10. Tech: You know that Apple (AAPL), at 2 discount points to the average S&P 500 stock, will be the stock that people must show they own. The chipmaker stocks -- Intel (INTC), Micron (MU), Altera (ALTR) and, best of all, RF Micro (RFMD) off a merger -- look good.
However, it's the semiconductor-equipment group that's incredible: KLA Tencor (KLAC), Applied Materials (AMAT) and, best of all, Lam Research (LAR). Lam CEO Martin Anstice came on my Mad Money show recently, and I sense a multiyear move in the stock. It's a must-own -- the best call play in the group, shy of Apple. That last quarter will draw money toward Hewlett-Packard (HPQ), though, and you can do much worse than that. Of course, Yahoo! (YHOO) will get money if Alibaba (BABA) shares get marked up, and that's exactly what I think will happen.
11. Packaged-goods stocks: This is another oddity. I think the decline in raw costs, which will come on a delay pattern because of hedges, has boosted Procter & Gamble (PG), Kimberly-Clark (KMB) and Clorox (CLX). It's the carbonated stocks that have shown the best game, though. I don't know if there's enough consciousness about Dr. Pepper Snapple (DPS) for it to be anointed. Mondelez (MDLZ) stock may have made its move too late. That brings the hot money to Pepsico (PEP), which has delivered the best earnings, the best momentum and the most high-profile activist action. Don't forget Monster Beverage (MNST) -- its takeover and earnings can let this stock roll higher.
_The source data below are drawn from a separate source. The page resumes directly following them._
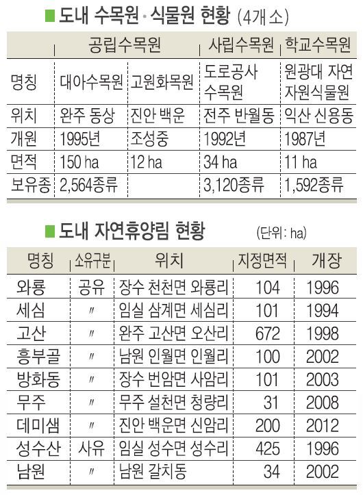 대표적으로 지난 1995년 완주군 동상면 150ha에 조정된 대아수목원에는 2546종류의 수목이 관리 보존되고 있다. 고속도로 공사를 추진하면서 사라지게 될 나무들을 보존하기 위해 조성한 한국도로공사수목원은 전주시 반월동 34ha에 수목 3120종을 보유하고 있다.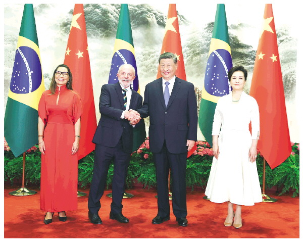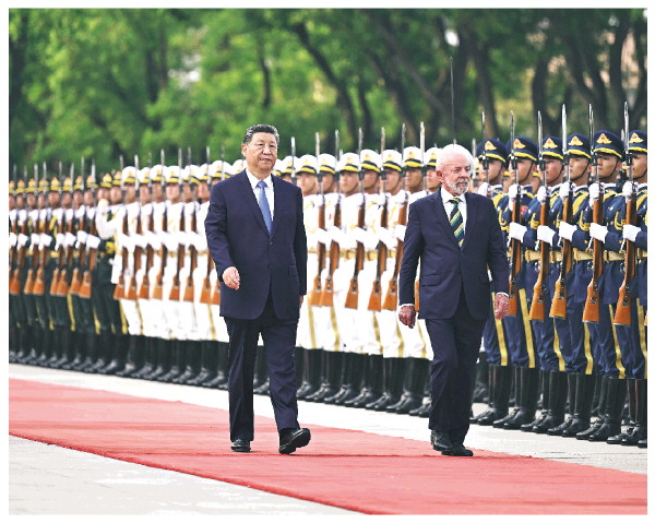 5月13日下午,国家主席习近平在北京人民大会堂同来华进行国事访问的巴西总统卢拉举行会谈。这是会谈前,习近平在人民大会堂东门外广场为卢拉举行欢迎仪式。 新华社记者燕雁 摄
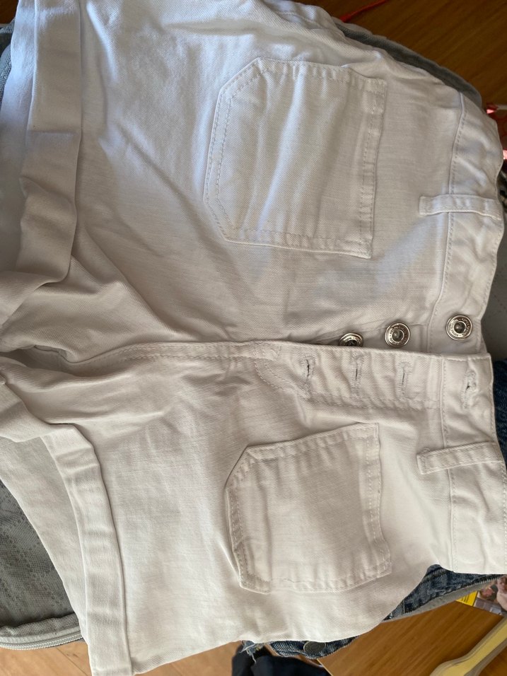 Pamuk kumaştan yapılmış, düğmeli ve yakalı, beyaz, midi boy, fitted kesim kadın şort. Rahat ve gündelik sokak stili için uygundur.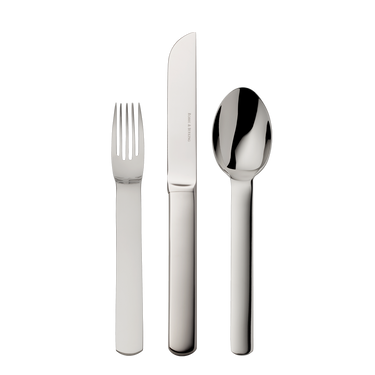 Inspired by the renowned Bauhaus style, Topos brings a sense of clarity and aesthetic beauty to your table. As all stainless steel cutlery sets from Robbe & Berking, Topos is crafted from high-quality stainless steel and offers enduring strength and timeless appeal.
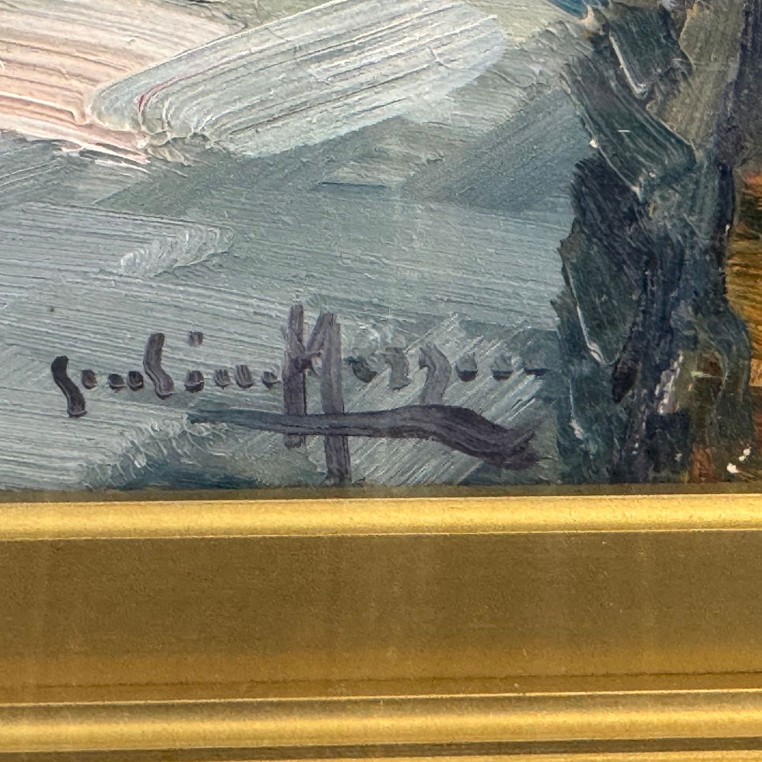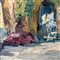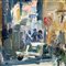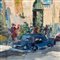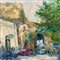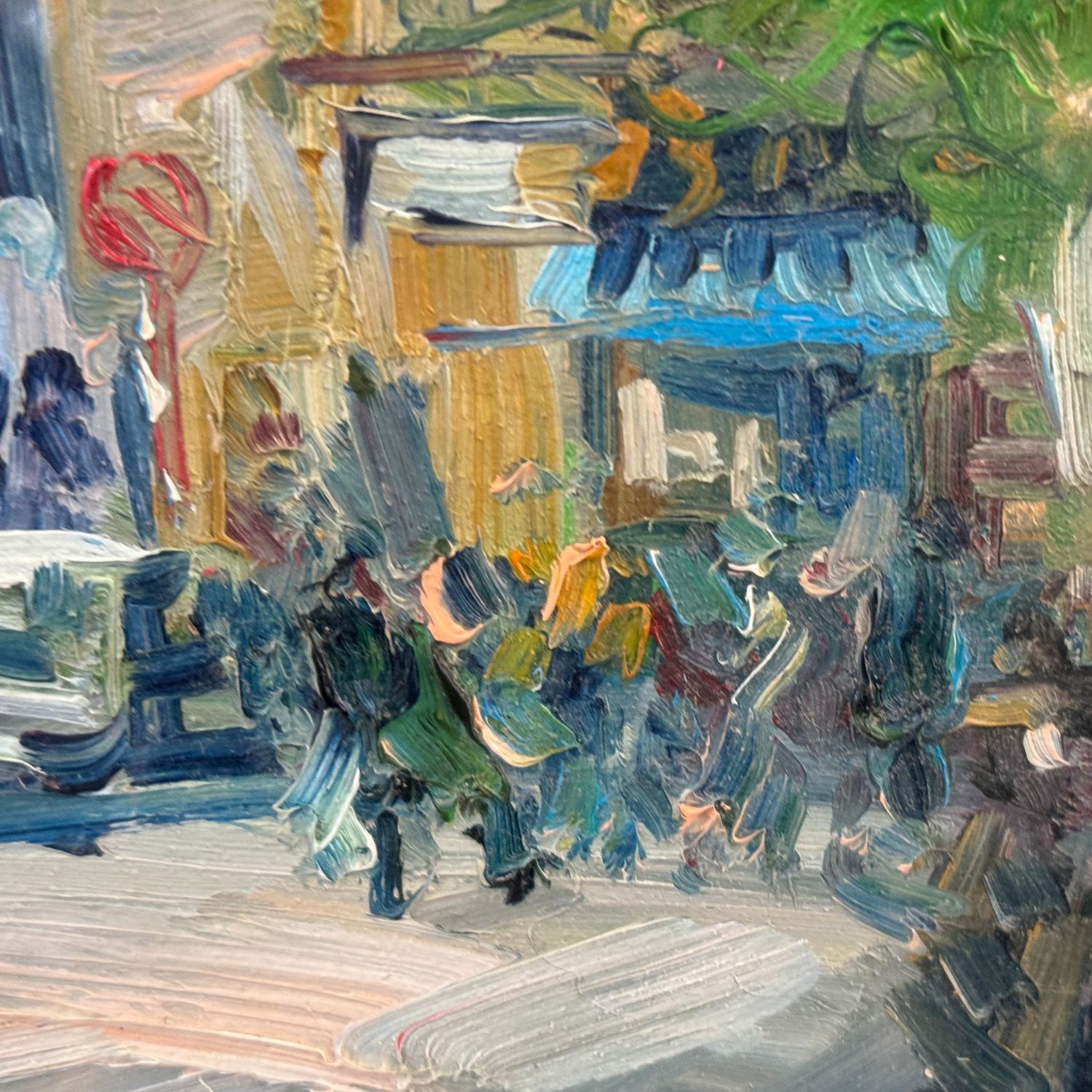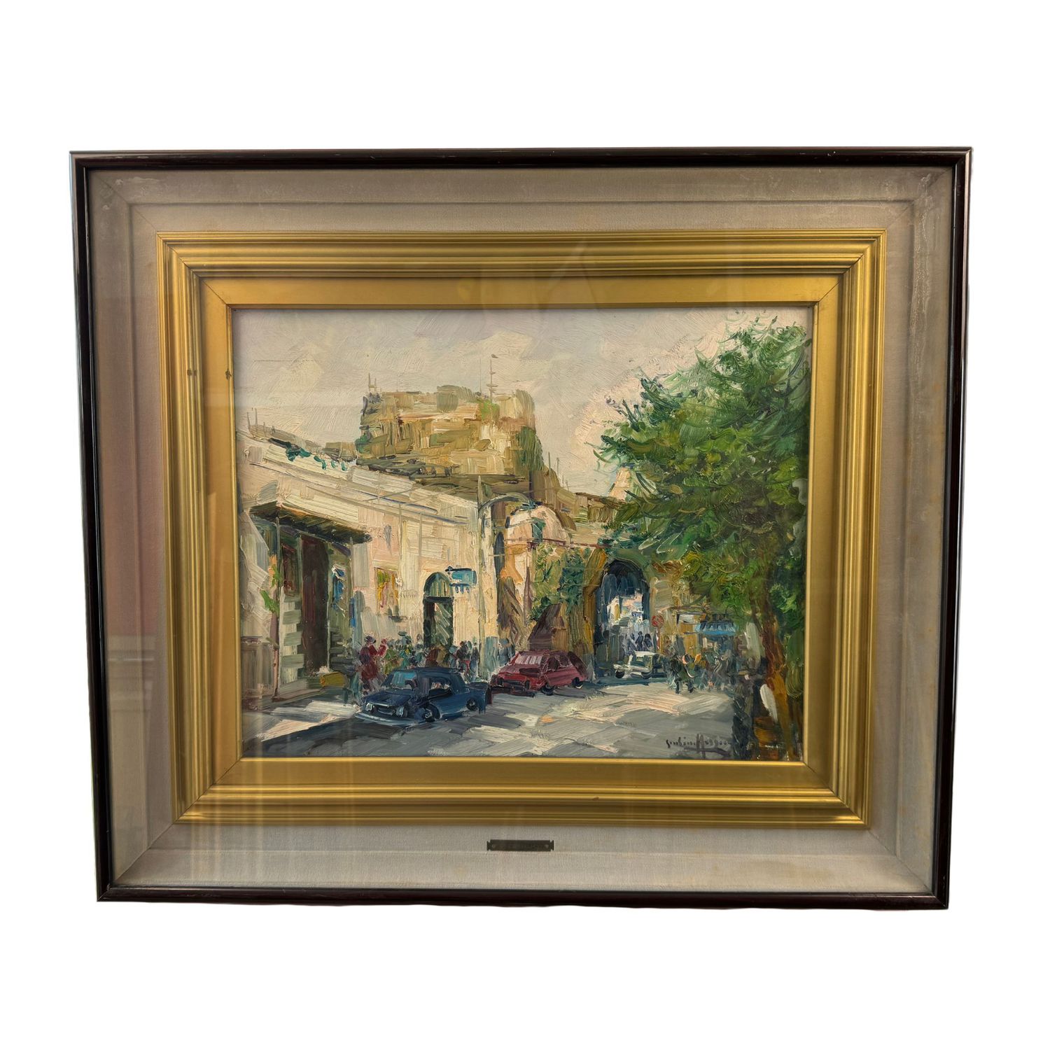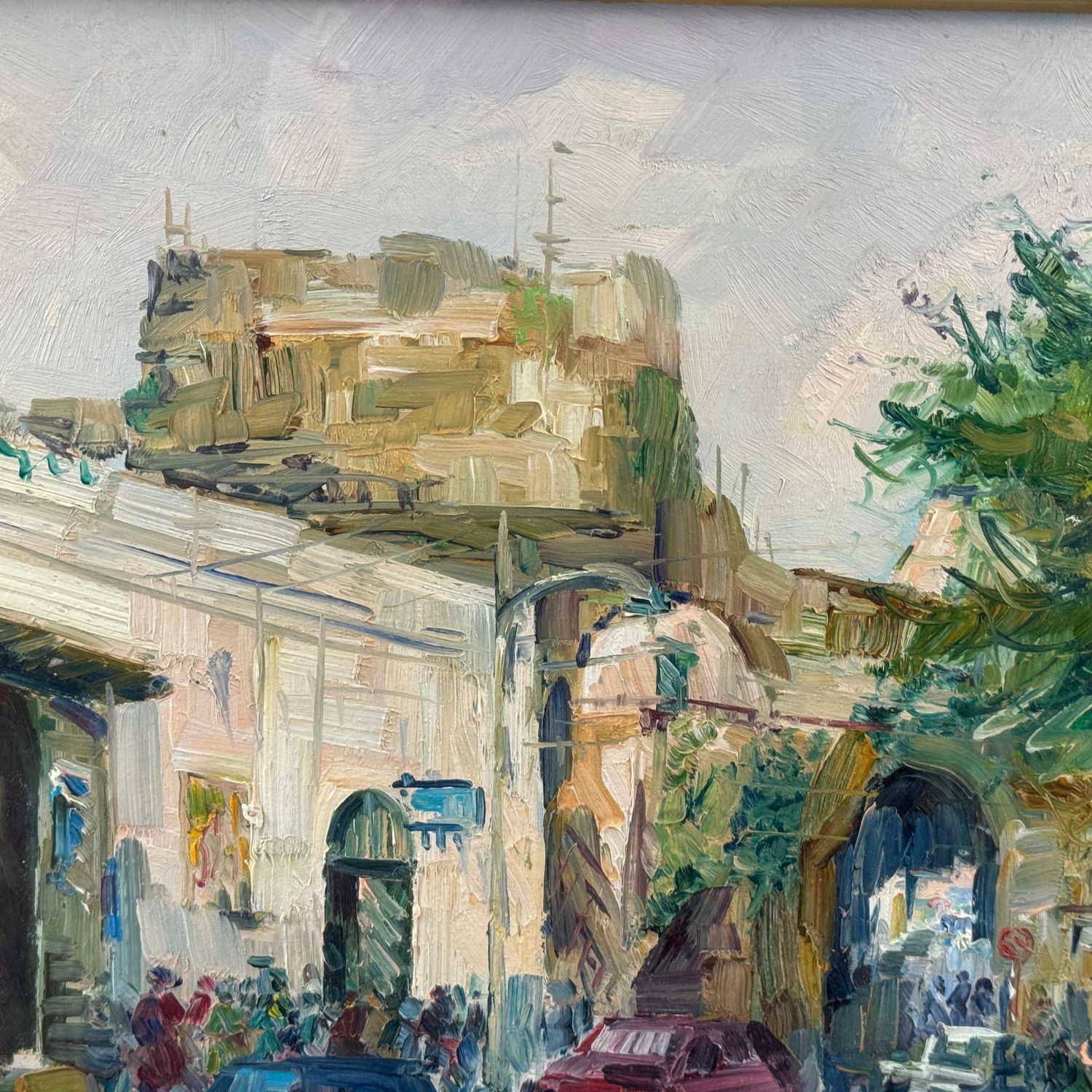 Dipinto olio su tavola, periodo XX secolo scuola Italiana, raffigurante Strada con personaggi.

12. Industrials: Finally, someone always wants an industrial. Parker-Hannifin (PH) delivered a remarkable last quarter. International Paper's (IP) had a good move recently. As has Boeing (BA). Yet, I think that Honeywell (HON) is the beacon, the one with the big-five year plan that's been delivering consistently.
It's funny, I came to the anointment process out of jealousy and anger. I would see these same stocks roll over and over again. I thought they were extended, overbought, too loved. Yet what happens in the last month of the year is mesmerizing. The visible winners become like magnets for money. I picked call options, not common stock, for extra juice. I just needed to play. I needed the action. It served me well in the last month of the year. I hope it serves you well, too.